For better and for worse, we live in an age in which we are watched as never before.
Close circuit television cameras, orbiting space satellites, mobile phone monitoring and email intercepts. Inevitably, in a world in which that person on the next table with a smart phone might be sending a text message or taking your photograph, these are issues that are both a concern and a subject for artists.
Surveillance. 02 is a new exhibition opening this month at the East Wing gallery at Dubai International Finance Centre that examines the nature of surveillance to comment on the extent of state and corporate power.
The artists include Massimo Berruti, whose photographs from North Waziristan are portraits of people who have been injured or lost family members in drone attacks that have become part of the “War on Terror.” For their portraits, Adam Broomberg and Oliver Chanarin use a facial recognition camera developed in Russia for border control and public security. Taking multiple images using four lenses, the camera can create a seamless single face, usually without the subject being aware.

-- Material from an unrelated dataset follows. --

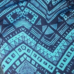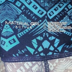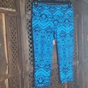Material Girl active Capri legging on blue on blue Aztec print. Size S with an 8” rise.

Jenny Odell’s Land Marks manipulates satellite images to remove any signs of nature from mining and waste storage sites to reveal the full extent of the damage to the environment while war photographer Tomas van Houtryve’s landscapes come from a camera to a drone flown over Middle America, turning the latest surveillance tool into an art form.
Surveillance. 02 opens on March 12 at the East Wing gallery in the Ritz Carlton Annex of DIFC. Admission is free.